Understandably, it gets quite hot in Chiang Mai, so if you don’t feel like walking or riding a bicycle, you can easily grab a taxi, Tuk Tuk or Songthaew. 

Link: 13 Ways of Getting Around Chiang Mai (Chiang Mai Traveller)  

While in Thailand, you should also download the “Grab” app for your phone. It is basically South East Asia’s version of Uber but it allows you to easily grab a taxi, tuk tuk or motorcycle during your travels without having to worry about confusion or being taken for a ride. 

Likewise, Thailand also uses Uber, so you have quite a few options available for getting around. 

Admission: 50 Baht ($1.50 USD) 

Hours: 6.00am - 5.30pm daily (Closes at 9:30pm on Saturday) 

I should also mention that like many other places of worship in Chiang Mai, Wat Sri Suphan offers monk-chat and meditation sessions every other day. If you’re interested in taking part, the chats are held on Tuesday, Thursday and Saturday evenings from 5:30 - 7:30pm and the meditation sessions are held from 7:00 - 9:00. 

Visiting a bunch of seven or eight-hundred year old temples is a fun learning experience and it goes without saying that Thailand’s wats are extremely picturesque, but after seeing a few of them, it would be understandable if you’ve started to feel a little worn out. 

If thats the case, I highly recommend a visit to the Silver Temple. 

I realize that if you’re tired of temple-hopping that visiting another might not exactly be the solution to your problem.

In this case though, you’re going to see something unlike any of the other places of worship in town (or anywhere) and while part of the temple complex is quite old, the Silver Temple is about as modern of an interpretation as you can get. 
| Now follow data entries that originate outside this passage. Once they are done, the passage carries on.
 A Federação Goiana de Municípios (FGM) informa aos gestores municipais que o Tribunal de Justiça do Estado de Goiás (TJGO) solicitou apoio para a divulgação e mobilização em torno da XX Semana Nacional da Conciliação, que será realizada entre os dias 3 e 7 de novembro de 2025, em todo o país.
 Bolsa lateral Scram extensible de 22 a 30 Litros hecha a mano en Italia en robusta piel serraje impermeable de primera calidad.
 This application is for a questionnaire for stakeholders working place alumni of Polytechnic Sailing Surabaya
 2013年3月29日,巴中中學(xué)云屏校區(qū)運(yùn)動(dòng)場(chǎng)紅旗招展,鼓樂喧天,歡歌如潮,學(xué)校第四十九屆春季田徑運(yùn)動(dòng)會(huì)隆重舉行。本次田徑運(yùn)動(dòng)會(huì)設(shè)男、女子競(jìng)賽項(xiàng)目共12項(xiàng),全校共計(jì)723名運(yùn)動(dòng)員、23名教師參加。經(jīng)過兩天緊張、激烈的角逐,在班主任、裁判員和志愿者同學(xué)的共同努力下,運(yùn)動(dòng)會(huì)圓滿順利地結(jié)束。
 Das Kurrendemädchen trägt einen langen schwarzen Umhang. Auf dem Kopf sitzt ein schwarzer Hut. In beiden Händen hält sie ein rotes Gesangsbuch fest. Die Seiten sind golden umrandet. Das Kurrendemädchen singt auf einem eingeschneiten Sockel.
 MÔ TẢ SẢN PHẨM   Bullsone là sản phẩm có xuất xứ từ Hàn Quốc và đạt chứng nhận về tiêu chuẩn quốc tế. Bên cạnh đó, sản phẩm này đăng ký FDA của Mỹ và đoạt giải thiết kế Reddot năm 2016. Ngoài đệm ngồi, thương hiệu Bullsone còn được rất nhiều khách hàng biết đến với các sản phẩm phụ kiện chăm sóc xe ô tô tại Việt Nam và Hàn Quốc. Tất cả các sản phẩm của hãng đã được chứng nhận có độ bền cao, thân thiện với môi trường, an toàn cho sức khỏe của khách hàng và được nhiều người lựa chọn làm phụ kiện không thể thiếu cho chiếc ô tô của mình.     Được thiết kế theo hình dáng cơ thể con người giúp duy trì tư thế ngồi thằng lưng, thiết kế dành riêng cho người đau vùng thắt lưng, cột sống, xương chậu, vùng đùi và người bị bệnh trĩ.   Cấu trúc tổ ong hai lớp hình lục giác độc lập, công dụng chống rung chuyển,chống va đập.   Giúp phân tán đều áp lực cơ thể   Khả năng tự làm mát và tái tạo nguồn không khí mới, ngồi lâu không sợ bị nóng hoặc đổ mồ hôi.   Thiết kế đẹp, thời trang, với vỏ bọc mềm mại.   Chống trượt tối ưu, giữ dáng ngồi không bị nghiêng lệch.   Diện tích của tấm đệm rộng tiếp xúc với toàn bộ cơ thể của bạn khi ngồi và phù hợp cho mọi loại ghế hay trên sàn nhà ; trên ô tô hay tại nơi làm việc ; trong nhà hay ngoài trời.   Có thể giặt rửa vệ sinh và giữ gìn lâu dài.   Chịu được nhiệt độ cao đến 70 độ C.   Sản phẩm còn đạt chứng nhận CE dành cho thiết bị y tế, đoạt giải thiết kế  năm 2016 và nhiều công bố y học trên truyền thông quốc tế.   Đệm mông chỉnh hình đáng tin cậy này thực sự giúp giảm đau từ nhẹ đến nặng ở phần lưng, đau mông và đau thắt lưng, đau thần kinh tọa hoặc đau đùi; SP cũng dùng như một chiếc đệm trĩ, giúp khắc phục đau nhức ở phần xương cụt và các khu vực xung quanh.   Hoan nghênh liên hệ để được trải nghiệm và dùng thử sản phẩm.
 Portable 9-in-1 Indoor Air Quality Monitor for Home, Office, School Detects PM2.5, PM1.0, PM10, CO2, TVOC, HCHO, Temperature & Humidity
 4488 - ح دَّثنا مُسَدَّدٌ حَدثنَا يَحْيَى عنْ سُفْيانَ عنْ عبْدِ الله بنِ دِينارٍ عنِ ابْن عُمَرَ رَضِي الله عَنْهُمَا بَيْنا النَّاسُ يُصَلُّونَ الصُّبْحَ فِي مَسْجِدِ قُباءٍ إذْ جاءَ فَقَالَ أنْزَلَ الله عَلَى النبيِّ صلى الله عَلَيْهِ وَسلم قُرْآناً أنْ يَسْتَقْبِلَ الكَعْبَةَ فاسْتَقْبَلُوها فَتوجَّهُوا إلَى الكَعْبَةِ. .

The temple of course has similar architectural design aspects as the other temples around town, but the liberties that they’ve taken with the artwork on the walls as well as the fact that the temple is entirely made out of silver and aluminum makes this one quite unique. 

It’s also likely to lead you to think that designers probably had a few too many drinks while constructing the temple. 

I promise, if you take the time to visit this temple and check out some of the smaller details on both the interior and the exterior, you’ll probably find yourself scratching your head wondering what is actually going on.

There isn’t a whole lot here that makes sense and that’s probably what makes a visit to this temple so much fun.